Deze filosofische exercities waren zeer aanstootgevend voor theologen. Níet – zoals u nu misschien zult denken – omdat de theologen vonden dat antieke filosofische denkbeelden niet mochten worden toegepast op geloofswaarheden. Dat deden de theologen, die allemaal een vooropleiding in de filosofie hadden genoten, immers zelf ook. Denk maar aan de grote theoloog Thomas van Aquino, die veelvuldig Aristotelische inzichten gebruikte om het geloof te verhelderen of verklaren. Om de reactie van de theologen te begrijpen helpt het wellicht te bedenken dat de meeste filosofen een soort van ‘undergraduates’ waren: de opleiding der theologie volgde op de filosofische opleiding en nam elf jaar in beslag. Een filosoof die zich met theologische aangelegenheden wilde bezighouden, sprak – in de ogen van theologen – voor zijn beurt. Hij moest eerst maar eens een jaartje of elf aan de studie der theologie gaan wijden.

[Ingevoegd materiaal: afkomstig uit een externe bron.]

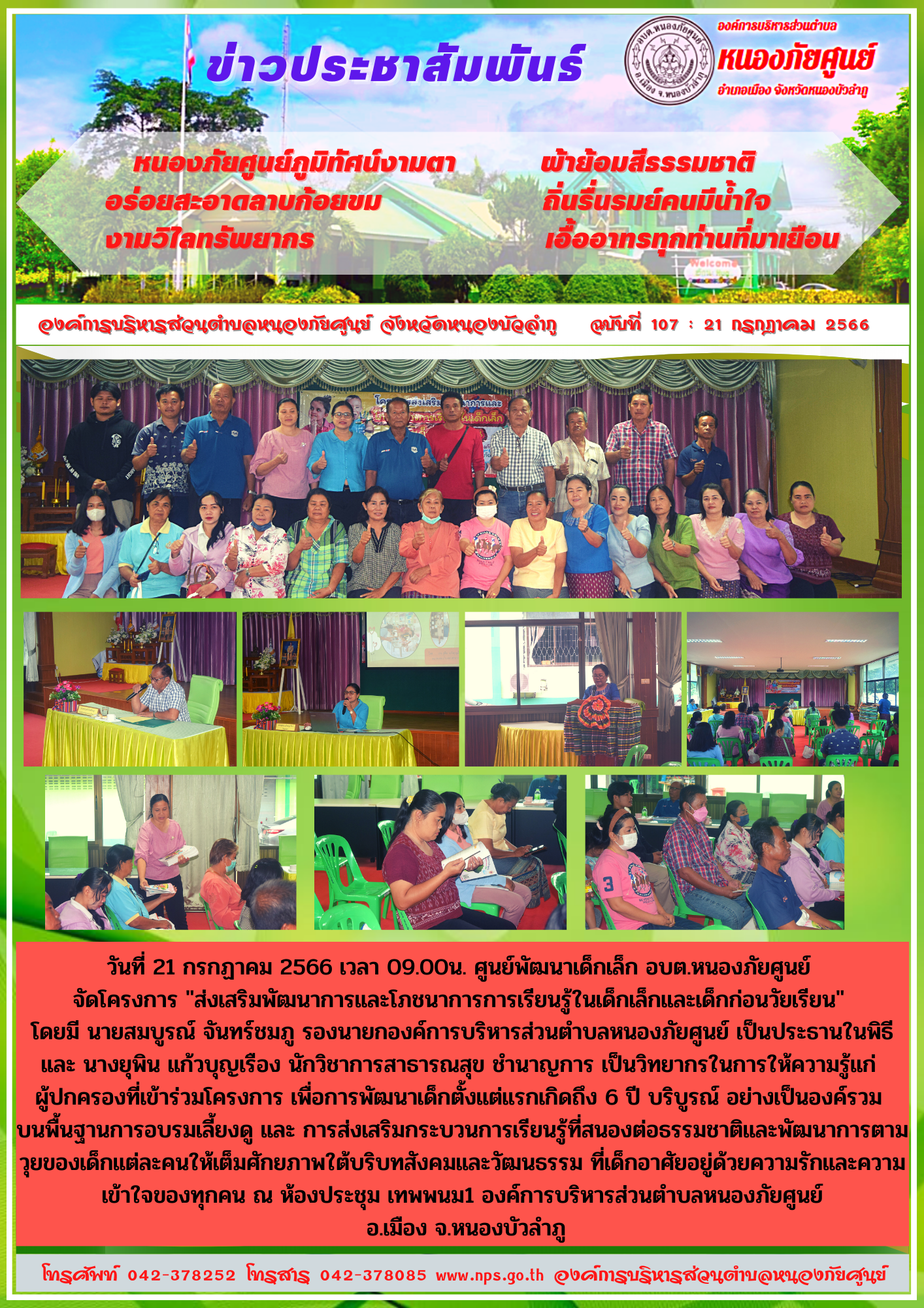 วันที่ 21 กรกฏาคม 2566 เวลา 09.00น. ศูนย์พัฒนาเด็กเล็ก อบต.หนองภัยศูนย์ จัดโครงการ "ส่งเสริมพัฒนาการและโภชนาการการเรียนรู้ในเด็กเล็กและเด็กก่อนวัยเรียน" โดยมี นายสมบูรณ์ จันทร์ชมภู... [21 กรกฎาคม 2566]

Je zou kunnen zeggen dat de controverse tussen filosofen en theologen vooral over bevoegdheden ging. Theologen – maar ook filosofen – bakenden hun territorium af. Wie de grenzen overschreed deed aan landjepik. Mocht een filosoof zich uitspreken over de Drieëenheid van God, de satisfactietheorie, de transsubstantiatie en andere mysteries van het geloof? De kerk, de theologische faculteit en óók veel filosofen vonden van niet. Dit waren zaken die aan de theologie toekwamen. Het domein van de openbaring was toebedeeld aan de theologen, het natuurlijke domein aan de filosofen. Die mochten in hun onderzoek alleen gebruik maken van de natuurlijke rede, en niet van geloofswaarheden. Deze verdeling werd zelfs vastgelegd in de statuten van de filosofiefaculteit en filosofiestudenten moesten vanaf 1272 een eed afleggen, waarin zij beloofden “zich niet bezig te houden met puur theologische vragen”.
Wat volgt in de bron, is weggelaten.